Set down each entry again exactly as written.
══════════════════════════════
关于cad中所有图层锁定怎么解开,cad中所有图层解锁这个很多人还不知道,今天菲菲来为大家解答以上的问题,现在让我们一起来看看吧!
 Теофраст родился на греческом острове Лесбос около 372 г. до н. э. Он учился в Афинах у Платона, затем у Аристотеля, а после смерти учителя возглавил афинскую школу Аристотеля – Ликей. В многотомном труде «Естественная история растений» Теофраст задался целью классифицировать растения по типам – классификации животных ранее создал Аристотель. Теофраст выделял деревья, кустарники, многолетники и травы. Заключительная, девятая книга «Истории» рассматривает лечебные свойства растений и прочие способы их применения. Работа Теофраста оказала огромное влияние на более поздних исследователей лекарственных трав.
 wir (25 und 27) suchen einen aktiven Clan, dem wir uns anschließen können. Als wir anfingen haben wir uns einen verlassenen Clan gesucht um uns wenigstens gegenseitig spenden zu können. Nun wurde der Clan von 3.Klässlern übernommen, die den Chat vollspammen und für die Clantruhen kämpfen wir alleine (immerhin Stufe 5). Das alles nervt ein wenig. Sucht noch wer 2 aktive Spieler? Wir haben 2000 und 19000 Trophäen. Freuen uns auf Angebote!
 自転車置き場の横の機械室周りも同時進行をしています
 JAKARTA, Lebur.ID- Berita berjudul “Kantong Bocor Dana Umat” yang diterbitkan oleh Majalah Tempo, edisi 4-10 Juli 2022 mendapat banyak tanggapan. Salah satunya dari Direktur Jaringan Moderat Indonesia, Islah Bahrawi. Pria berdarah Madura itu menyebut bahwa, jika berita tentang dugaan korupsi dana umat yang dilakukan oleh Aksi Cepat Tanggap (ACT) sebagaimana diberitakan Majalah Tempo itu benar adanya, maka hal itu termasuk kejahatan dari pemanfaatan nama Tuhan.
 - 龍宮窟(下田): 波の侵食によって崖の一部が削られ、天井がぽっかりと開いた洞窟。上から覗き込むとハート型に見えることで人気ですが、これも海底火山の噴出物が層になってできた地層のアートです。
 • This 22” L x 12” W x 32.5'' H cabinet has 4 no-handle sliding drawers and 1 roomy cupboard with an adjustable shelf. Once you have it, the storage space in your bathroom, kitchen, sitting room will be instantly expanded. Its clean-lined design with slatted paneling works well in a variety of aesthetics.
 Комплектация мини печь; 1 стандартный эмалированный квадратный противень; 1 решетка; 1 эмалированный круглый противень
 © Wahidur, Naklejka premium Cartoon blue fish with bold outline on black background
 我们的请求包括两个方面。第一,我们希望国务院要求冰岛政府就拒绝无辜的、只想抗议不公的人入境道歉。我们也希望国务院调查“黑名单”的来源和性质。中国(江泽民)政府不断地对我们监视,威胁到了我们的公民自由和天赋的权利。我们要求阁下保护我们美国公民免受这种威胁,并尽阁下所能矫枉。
══════════════════════════════
## Task answer:
关于cad中所有图层锁定怎么解开,cad中所有图层解锁这个很多人还不知道,今天菲菲来为大家解答以上的问题,现在让我们一起来看看吧!
 Теофраст родился на греческом острове Лесбос около 372 г. до н. э. Он учился в Афинах у Платона, затем у Аристотеля, а после смерти учителя возглавил афинскую школу Аристотеля – Ликей. В многотомном труде «Естественная история растений» Теофраст задался целью классифицировать растения по типам – классификации животных ранее создал Аристотель. Теофраст выделял деревья, кустарники, многолетники и травы. Заключительная, девятая книга «Истории» рассматривает лечебные свойства растений и прочие способы их применения. Работа Теофраста оказала огромное влияние на более поздних исследователей лекарственных трав.
 wir (25 und 27) suchen einen aktiven Clan, dem wir uns anschließen können. Als wir anfingen haben wir uns einen verlassenen Clan gesucht um uns wenigstens gegenseitig spenden zu können. Nun wurde der Clan von 3.Klässlern übernommen, die den Chat vollspammen und für die Clantruhen kämpfen wir alleine (immerhin Stufe 5). Das alles nervt ein wenig. Sucht noch wer 2 aktive Spieler? Wir haben 2000 und 19000 Trophäen. Freuen uns auf Angebote!
 自転車置き場の横の機械室周りも同時進行をしています
 JAKARTA, Lebur.ID- Berita berjudul “Kantong Bocor Dana Umat” yang diterbitkan oleh Majalah Tempo, edisi 4-10 Juli 2022 mendapat banyak tanggapan. Salah satunya dari Direktur Jaringan Moderat Indonesia, Islah Bahrawi. Pria berdarah Madura itu menyebut bahwa, jika berita tentang dugaan korupsi dana umat yang dilakukan oleh Aksi Cepat Tanggap (ACT) sebagaimana diberitakan Majalah Tempo itu benar adanya, maka hal itu termasuk kejahatan dari pemanfaatan nama Tuhan.
 - 龍宮窟(下田): 波の侵食によって崖の一部が削られ、天井がぽっかりと開いた洞窟。上から覗き込むとハート型に見えることで人気ですが、これも海底火山の噴出物が層になってできた地層のアートです。
 • This 22” L x 12” W x 32.5'' H cabinet has 4 no-handle sliding drawers and 1 roomy cupboard with an adjustable shelf. Once you have it, the storage space in your bathroom, kitchen, sitting room will be instantly expanded. Its clean-lined design with slatted paneling works well in a variety of aesthetics.
 Комплектация мини печь; 1 стандартный эмалированный квадратный противень; 1 решетка; 1 эмалированный круглый противень
 © Wahidur, Naklejka premium Cartoon blue fish with bold outline on black background
 我们的请求包括两个方面。第一,我们希望国务院要求冰岛政府就拒绝无辜的、只想抗议不公的人入境道歉。我们也希望国务院调查“黑名单”的来源和性质。中国(江泽民)政府不断地对我们监视,威胁到了我们的公民自由和天赋的权利。我们要求阁下保护我们美国公民免受这种威胁,并尽阁下所能矫枉。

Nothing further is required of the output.